The photographs that I used in my final posters had been taken in Portsmouth and London which are both at the moment facing crimes such as teenagers and children deciding to leave and go and fight in Syria. I chose to include the e images in my final piece so as to show that crime is still a big thing in both of these cities and across the whole of the world.
To compare it to Gotham there isn't a superhero / Protecter like Batman in the real word  that is trying to stop these things from happening. 

Here are some Statistics into All Crime for Portsmouth and London: 

London

(12 months to April 2015) - 709,361
(12 months to April 2014) - 698,753

Portsmouth

(12 months to April 2015) - 17,954
(12 months to April 2014) - 16,924


Most well known Crimes and Criminals in London throughout the years:


Jack the Ripper

Jack the Ripper is the best known name given to an unidentified serial killer or killers active in the largely impoverished areas in and around the Whitechapel district of London in 1888.

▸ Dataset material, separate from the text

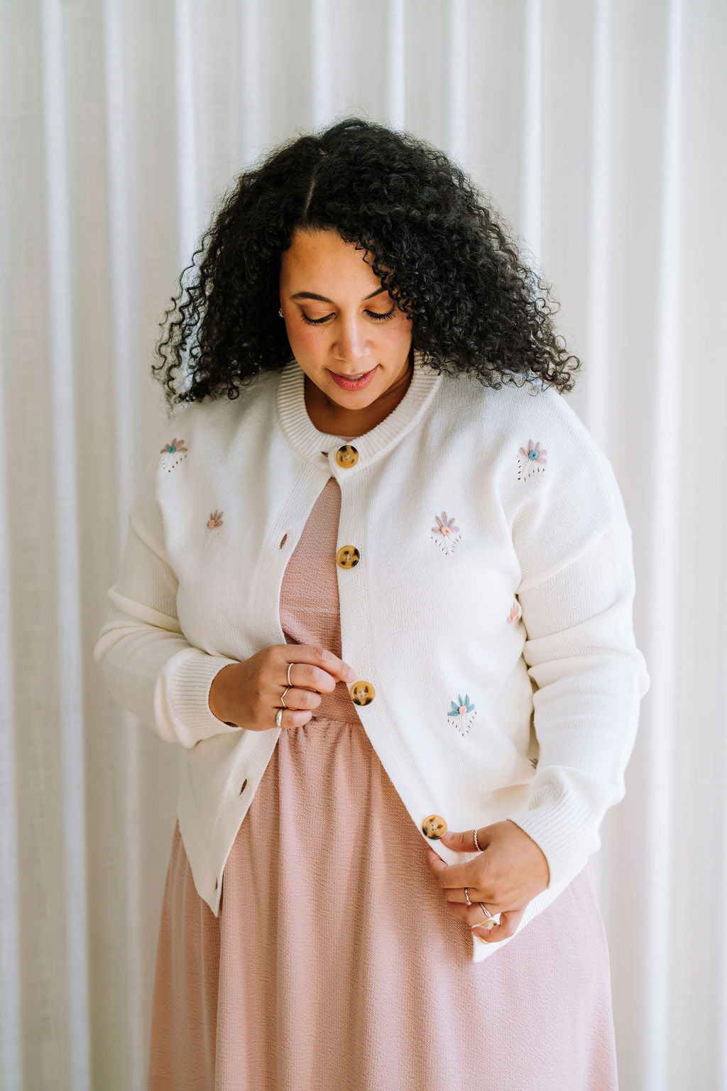 Le cardigan Martine à col rond séduit par sa broderie florale classique. Sa coupe intemporelle et son style élégant en font une pièce facile à porter au quotidien ou pour une touche raffinée à vos tenues.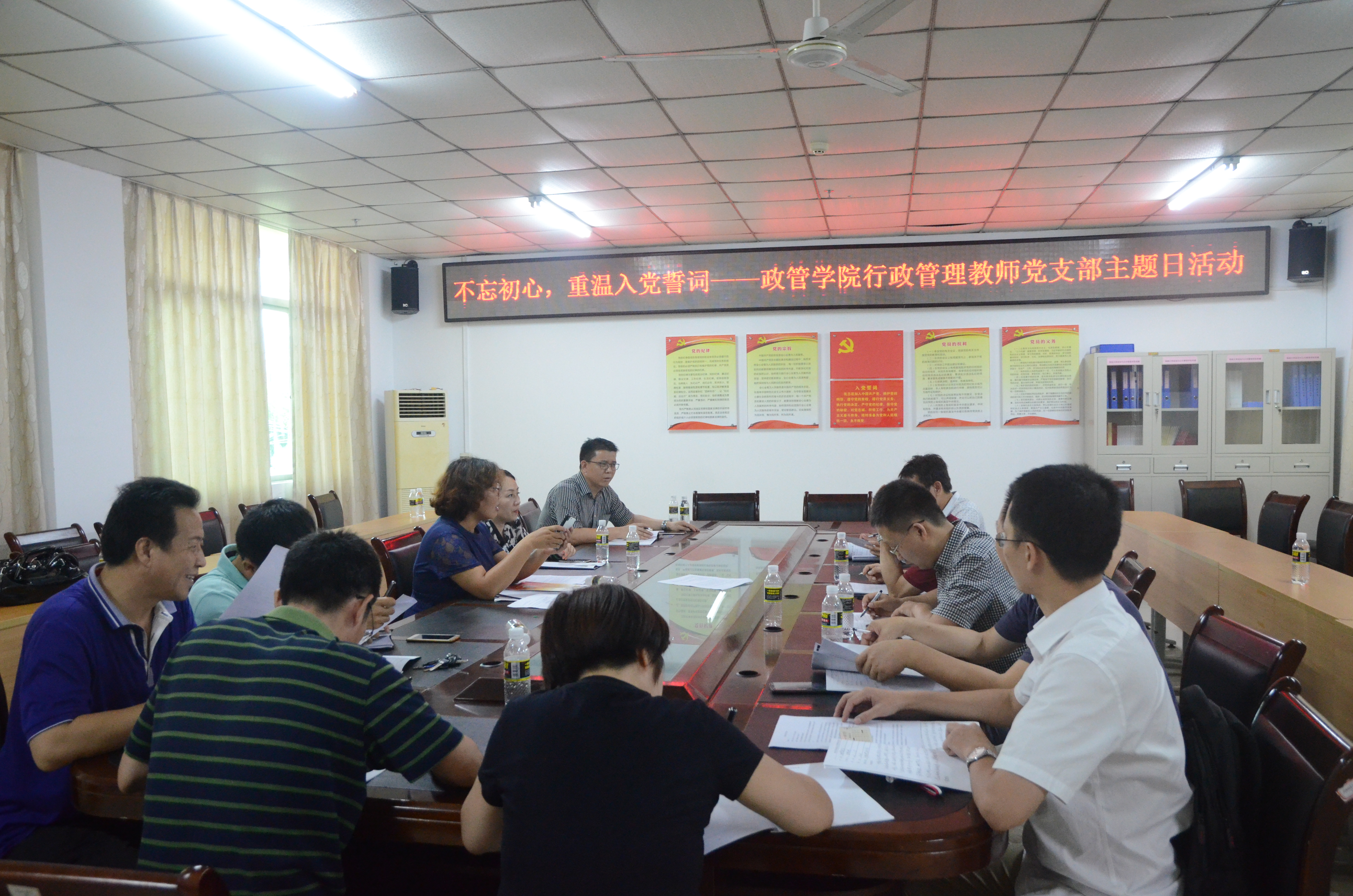 为庆祝中国共产党建党97周年。6月26日下午,政管学院行政管理系教师党支部在社科楼A216会议室开展了“不忘初心,重温入党誓词”为主题的党日活动,全体党员参加了活动。与会党员通过重温入党誓词,再一次深刻体会到“不忘初心、牢记使命”的重要性,作为一名共产党员,就必须时刻修正自己的入党目的和动机,不断坚定为社会主义和共产主义事业奋斗的信念,不断增强为人民服务的决心,这样才能与时俱进,无愧以心。

Attacks ascribed to Jack the Ripper typically involved female prostitutes who loves and worked in the slums in London. The removal of internal organs from at least three of the victims led to proposals that their killer possessed anatomical or surgical knowledge.   
The large number of attacks against women in the East End during this era adds uncertainty to how many victims were killed by the same person. Eleven separate murders, stretching from 3 April 1888 to 13 February 1891, were included in a London Metropolitan Police Service investigation, and were collectively known as the "Whitechapel murders". 
Opinions vary as to whether these murders should be linked to the same culprit, but five of the eleven Whitechapel murders, known as the "canonical five", are widely believed to be the work of Jack the Ripper. 
Most experts point to deep throat slashes, abdominal and genital-area mutilation, removal of internal organs, and progressive facial mutilations as the distinctive features of the Ripper's modus operandi - (method of operation) The first two cases in the Whitechapel murders file, those of Emma Elizabeth Smith and Martha Tabram, are not included in the canonical five.


The Kray Twins 

Twin brothers Ronald "Ronnie" Kray (24 October 1933 – 17 March 1995) and Reginald "Reggie" Kray (24 October 1933 – 1 October 2000) were English gangsters who were the foremost perpetrators of organised crime in the East End of London during the 1950s and 1960s, with their gang, "The Firm", the Krays were involved in armed robberies, arson, protection rackets, assaults, and the murders of Jack "The Hat" McVitie and George Cornell.
Their criminal records and dishonourable discharges ended their boxing careers, and the brothers turned to crime full-time. 
They bought a run-down snooker club in Bethnal Green, where they started several protection rackets. By the end of the 1950s, the Krays were involved in hijacking, armed robbery and arson, through which they acquired other clubs and properties. In 1960 Ronnie Kray was imprisoned for 18 months for running a protection racket and related threats. While he was in prison, Peter Rachman, head of a violent landlord operation, gave Reggie a nightclub called Esmeralda's Barn on the Knightsbridge end of Wilton Place next to Joan's Kitchen, a bistro. The location is where the Berkeley Hotel now stands, on the corner opposite the church.

 In fact Jack D McVitie was also known as a notorious English criminal from London of the 1950s – 1960s. He is posthumously famous for triggering the imprisonment and downfall of the Kray twins. He had acted as an enforcer and hitman with links to "the firm", and was murdered by Reggie Kray in 1967.